Reteplase and alteplase recipients experienced similar incidences of intracranial hemorrhage or severe or life-threatening bleeding in the large GUSTO III trial, despite a numerically and relatively lower incidence of intracranial hemorrhage with reteplase than with alteplase in the earlier smaller (RAPID) trials of vessel patency. The incidence, severity and sites of other bleeding events were similar for reteplase and alteplase in these trials.
Compared with streptokinase, reteplase was associated with a higher incidence of hemorrhagic stroke, but the incidence, severity, and site of other bleeding events was similar for both agents (INJECT study in patients with STEMI).

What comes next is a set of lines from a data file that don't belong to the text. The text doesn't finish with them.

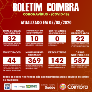 Boletim Diário, atualizações sobre coronavírus em Coimbra, 05/08/2020. ?Todos os casos que testaram positivo para covid-19 descritos no boletim são confirmados por exames laboratoriais. ?A Secretaria Municipal de Saúde informa
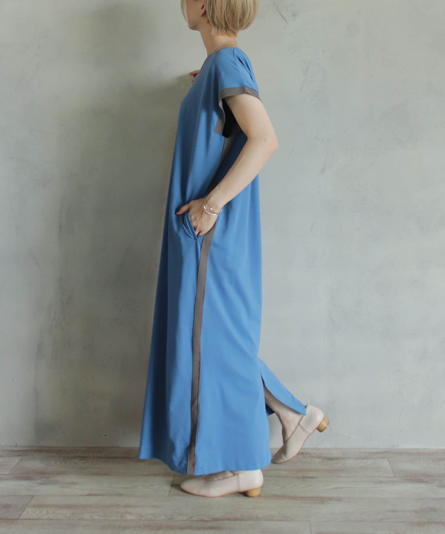 サイドに配したラインテープでスッキリ見えが叶うワンピース。体のラインを拾わないシルエット、さらに透け感もなく1枚でご着用いただけるので、蒸し暑い今時期にもおすすめなワンピースです。
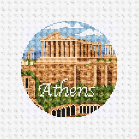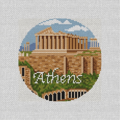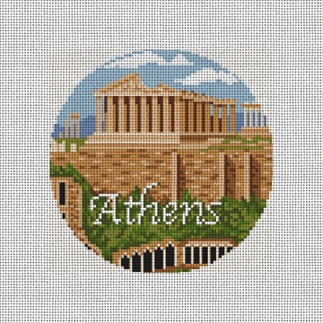 Athens is a captivating blend of ancient history and contemporary vibrancy; with the perfect Mediterranean climate and the capital city of Greece. This ornament canvas design features: the Acropolis, Parthenon, Temple of Nike, and Old Agora. When you gather around the tree this holiday season, enjoy the needlepoint ornaments that you have stitched reflecting the travels your family has experienced together. (DMC embroidery floss is optional, does not include finishing materials)
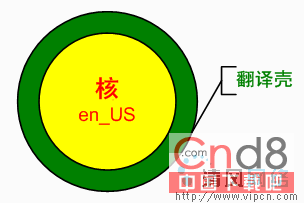 换言之,系统的内核可以是纯英文的;在内核外部增加一个壳层负责语言翻译工作。请见下面的概念图:
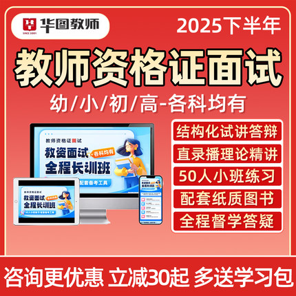 华图教师资格证面试网课2025下半年幼儿园小学初中高中教资试讲稿逐字稿结构化答辩视频资料语文数学英语音乐体育考前冲刺急救课程

Also in patients with STEMI, half-dose reteplase with abciximab was associated with a similar incidence of intracranial bleeding to that of full-dose reteplase monotherapy, but a greater incidence of nonintracranial bleeding.
In patients with peripheral arterial occlusions, the incidence of major bleeding complications with reteplase monotherapy administered for thrombolysis increased with dose. The addition of abciximab to the reteplase regimen in the RELAX trial was associated with a numerically greater incidence of major bleeding and need for blood transfusion compared with reteplase alone. Major complications (including bleeding) at 30 days occurred in numerically fewer recipients of a reteplase and abciximab combination than in recipients of urokinase plus abciximab, although there were more minor complications associated with the reteplase combination.